**Your assignment:** Produce an exact transcription of the data, with the images left out.

(Stored items)
╔══

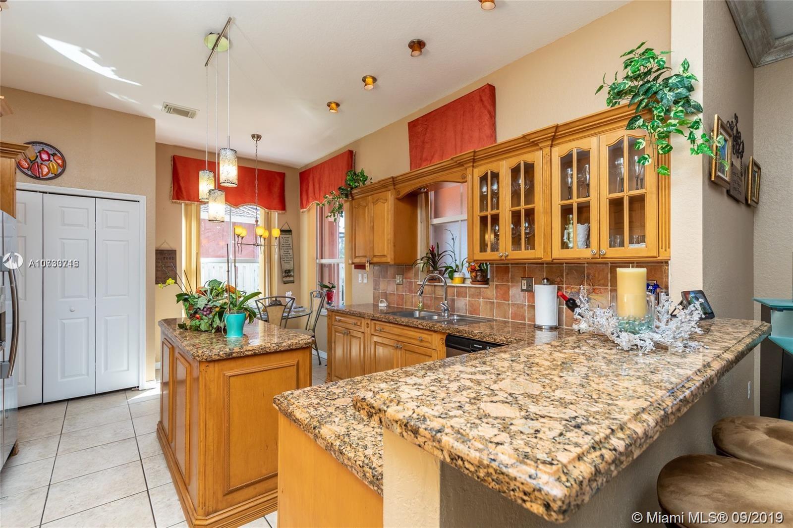 SPECTACULAR 4 BEDROOM, 2 1/2 BATH HOME, 2 CAR GARAGE WITH PANTRY AND CABINETRY THROUGHOUT. THE HOME IS PROTECTED BY IMPACT WINDOWS W/ARGON GAS AND IMPACT DOORS WITH 25 YEAR WARRANTY, 6 WINDOWS ON FIRST FLOOR ARE PROTECTED WITH ACCORDION SHUTTERS NOT IMPACT. FORMAL LIVING AND DINING EASILY FLOWS INTO LARGE FAMILY ROOM OVERLOOKING THE PATIO AND OVERSIZE KITCHEN WITH GRANITE COUNTER TOP, S.S. APPLIANCES AND BREAKFAST AREA OVERLOOKING OVERSIZE BACK YARD, PLENTY OF ROOM FOR POOL. ALL 4 BEDROOMS ARE ON SECOND FLOOR, LARGE MASTER BEDROOM WITH AN IMPRESSIVE WALK IN CLOSET FOR THAT CLASSY LADY, BATHROOM HAS SEAMLESS SHOWER GLASS DOORS AND LARGE TUB W/JETS, LAMINATE FLOORS ON STAIRS AND THROUGHOUT SECOND FLOOR. HOUSE IS IN IMPECCABLE CONDITIONS READY TO MOVE IN.
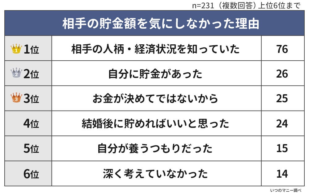 ・結婚相手の貯金額が気にならなかった理由1位は「相手の人柄・経済状況を知っていた」
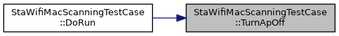 References ns3::NodeContainer::Get(), ns3::Node::GetDevice(), m_associatedApBssid, nodes, NS_TEST_ASSERT_MSG_EQ, ns3::Seconds(), Setup(), TurnApOff(), and TurnBeaconGenerationOn().
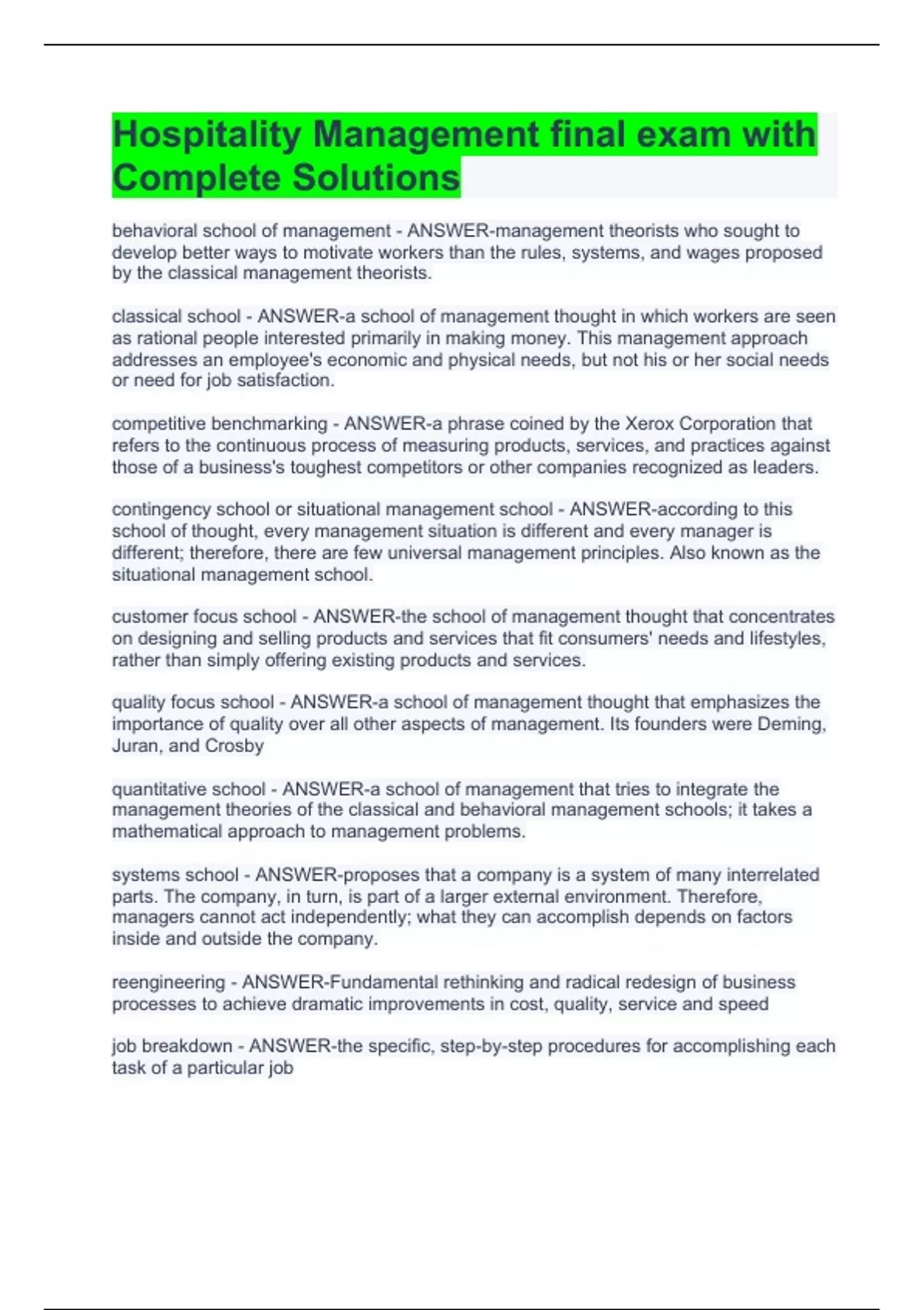 behavioral school of management - ANSWER-management theorists who sought to develop better ways to motivate workers than the rules, systems, and wages proposed by the classical management theorists. classical school - ANSWER-a school of management thought in which workers are seen as rational people interested primarily in making money. This management approach addresses an employee's economic and physical needs, but not his or her social needs or need for job satisfaction. competitive benchmarking - ANSWER-a phrase coined by the Xerox Corporation that refers to the continuous process of measuring products, services, and practices against those of a business's toughest competitors or other companies recognized as leaders. contingency school or situational management school - ANSWER-according to this school of thought, every management situation is different and every manager is different; therefore, there are few universal management principles. Also known as the situational management school. customer focus school - ANSWER-the school of management thought that concentrates on designing and selling products and services that fit consumers' needs and lifestyles, rather than simply offering existing products and services. quality focus school - ANSWER-a school of management thought that emphasizes the importance of quality over all other aspects of management. Its founders were Deming, Juran, and Crosby quantitative school - ANSWER-a school of management that tries to integrate the management theories of the classical and behavioral management schools; it takes a mathematical approach to management problems. systems school - ANSWER-proposes that a company is a system of many interrelated parts. The company, in turn, is part of a larger external environment. Therefore, managers cannot act independently; what they can accomplish depends on factors inside and outside the company. reengineering - ANSWER-Fundamental rethinking and radical redesign of business processes to achieve dramatic improvements in cost, quality, service and speed job breakdown - ANSWER-the specific, step-by-step procedures for accomplishing each task of a particular job
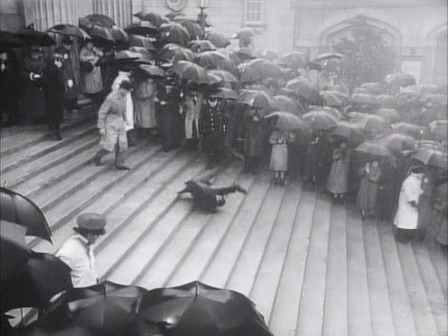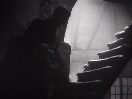 este maestro de la escalera. Y el otro es el protagonista, en una de las pocas escenas de la película donde aún lleva bombín.

╚══

**Solution:**
 SPECTACULAR 4 BEDROOM, 2 1/2 BATH HOME, 2 CAR GARAGE WITH PANTRY AND CABINETRY THROUGHOUT. THE HOME IS PROTECTED BY IMPACT WINDOWS W/ARGON GAS AND IMPACT DOORS WITH 25 YEAR WARRANTY, 6 WINDOWS ON FIRST FLOOR ARE PROTECTED WITH ACCORDION SHUTTERS NOT IMPACT. FORMAL LIVING AND DINING EASILY FLOWS INTO LARGE FAMILY ROOM OVERLOOKING THE PATIO AND OVERSIZE KITCHEN WITH GRANITE COUNTER TOP, S.S. APPLIANCES AND BREAKFAST AREA OVERLOOKING OVERSIZE BACK YARD, PLENTY OF ROOM FOR POOL. ALL 4 BEDROOMS ARE ON SECOND FLOOR, LARGE MASTER BEDROOM WITH AN IMPRESSIVE WALK IN CLOSET FOR THAT CLASSY LADY, BATHROOM HAS SEAMLESS SHOWER GLASS DOORS AND LARGE TUB W/JETS, LAMINATE FLOORS ON STAIRS AND THROUGHOUT SECOND FLOOR. HOUSE IS IN IMPECCABLE CONDITIONS READY TO MOVE IN.
 ・結婚相手の貯金額が気にならなかった理由1位は「相手の人柄・経済状況を知っていた」
 References ns3::NodeContainer::Get(), ns3::Node::GetDevice(), m_associatedApBssid, nodes, NS_TEST_ASSERT_MSG_EQ, ns3::Seconds(), Setup(), TurnApOff(), and TurnBeaconGenerationOn().
 behavioral school of management - ANSWER-management theorists who sought to develop better ways to motivate workers than the rules, systems, and wages proposed by the classical management theorists. classical school - ANSWER-a school of management thought in which workers are seen as rational people interested primarily in making money. This management approach addresses an employee's economic and physical needs, but not his or her social needs or need for job satisfaction. competitive benchmarking - ANSWER-a phrase coined by the Xerox Corporation that refers to the continuous process of measuring products, services, and practices against those of a business's toughest competitors or other companies recognized as leaders. contingency school or situational management school - ANSWER-according to this school of thought, every management situation is different and every manager is different; therefore, there are few universal management principles. Also known as the situational management school. customer focus school - ANSWER-the school of management thought that concentrates on designing and selling products and services that fit consumers' needs and lifestyles, rather than simply offering existing products and services. quality focus school - ANSWER-a school of management thought that emphasizes the importance of quality over all other aspects of management. Its founders were Deming, Juran, and Crosby quantitative school - ANSWER-a school of management that tries to integrate the management theories of the classical and behavioral management schools; it takes a mathematical approach to management problems. systems school - ANSWER-proposes that a company is a system of many interrelated parts. The company, in turn, is part of a larger external environment. Therefore, managers cannot act independently; what they can accomplish depends on factors inside and outside the company. reengineering - ANSWER-Fundamental rethinking and radical redesign of business processes to achieve dramatic improvements in cost, quality, service and speed job breakdown - ANSWER-the specific, step-by-step procedures for accomplishing each task of a particular job
 este maestro de la escalera. Y el otro es el protagonista, en una de las pocas escenas de la película donde aún lleva bombín.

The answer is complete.